Store	Purpose	Security Level
SessionStore	Encrypted session state	High (contains key material)
IdentityKeyStore	Identity keys	Critical (long-term secrets)
PreKeyStore	One-time pre-keys	High
SignedPreKeyStore	Signed pre-keys	High
KyberPreKeyStore	Post-quantum pre-keys	High
SenderKeyStore	Group messaging keys	High

Building from Source

For End Users

No setup required! Precompiled native libraries are downloaded automatically from GitHub Releases during flutter build.

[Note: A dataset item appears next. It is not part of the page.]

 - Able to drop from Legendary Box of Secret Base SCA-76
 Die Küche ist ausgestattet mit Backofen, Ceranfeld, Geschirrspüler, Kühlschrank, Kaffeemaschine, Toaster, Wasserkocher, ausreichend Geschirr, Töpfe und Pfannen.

For Contributors / Source Builds

If you want to build from source (or precompiled binaries are not available):

• Flutter 3.38+
• FVM (optional, for version management)
• Rust toolchain:
  • rustup - Rust toolchain installer
  • cargo - Rust package manager (installed with rustup)
• protoc - Protocol Buffers compiler:
  • macOS: brew install protobuf
  • Ubuntu/Debian: apt-get install protobuf-compiler
  • Windows: Download from GitHub

Setup

# Clone the repository
git clone https://github.com/djx-y-z/libsignal_dart.git
cd libsignal_dart

# Install FVM and dependencies
make setup

# Run tests
make test

Available Commands

# Setup
make setup              # Install all required tools (Rust check, FVM, protoc, cargo-audit)
make setup-fvm          # Install FVM and project Flutter version only
make setup-protoc       # Install protoc (Protocol Buffers compiler)
make setup-rust-tools   # Install Rust tools (cargo-audit, flutter_rust_bridge_codegen)
make setup-web          # Install wasm-pack for web builds (optional)
make setup-android      # Install cargo-ndk for Android builds (optional)

# Development
make codegen            # Regenerate Flutter Rust Bridge bindings
make build              # Build Rust library locally (native)
make build-android      # Build for Android (requires cargo-ndk + NDK)
make build-web          # Build WASM for web (requires wasm-pack)

# Quality Assurance
make test               # Run tests
make coverage           # Run tests with coverage report
make analyze            # Run static analysis
make rust-audit         # Check Rust dependencies for vulnerabilities
make rust-check         # Quick Rust type check (updates Cargo.lock)
make format             # Format Dart code
make format-check       # Check Dart code formatting
make doc                # Generate API documentation

# Utilities
make get                # Get dependencies
make clean              # Clean build artifacts
make help               # Show all commands

Architecture

┌─────────────────────────────────────────────┐
│     libsignal-protocol (Rust crate)         │  ← Core implementation
├─────────────────────────────────────────────┤
│       rust/src/api/*.rs (Rust wrappers)     │  ← FRB-annotated functions
├─────────────────────────────────────────────┤
│      lib/src/rust/*.dart (FRB generated)    │  ← Auto-generated Dart API
├─────────────────────────────────────────────┤
│           lib/src/stores/*.dart             │  ← Store interfaces
└─────────────────────────────────────────────┘

Acknowledgements

This library would not be possible without libsignal by Signal, which provides the underlying Rust implementation of the Signal Protocol.

License

This project is licensed under the AGPL-3.0 License - see the LICENSE file for details.

The bundled libsignal library is also licensed under AGPL-3.0 - see LICENSE.libsignal for the Signal license.

Related Projects

• libsignal - The underlying Rust library
• Signal - The Signal project
• Signal Protocol Specification - Protocol documentation

Contributing

Contributions are welcome! Please read our Contributing Guidelines before submitting issues or pull requests.

For major changes, please open an issue first to discuss what you would like to change.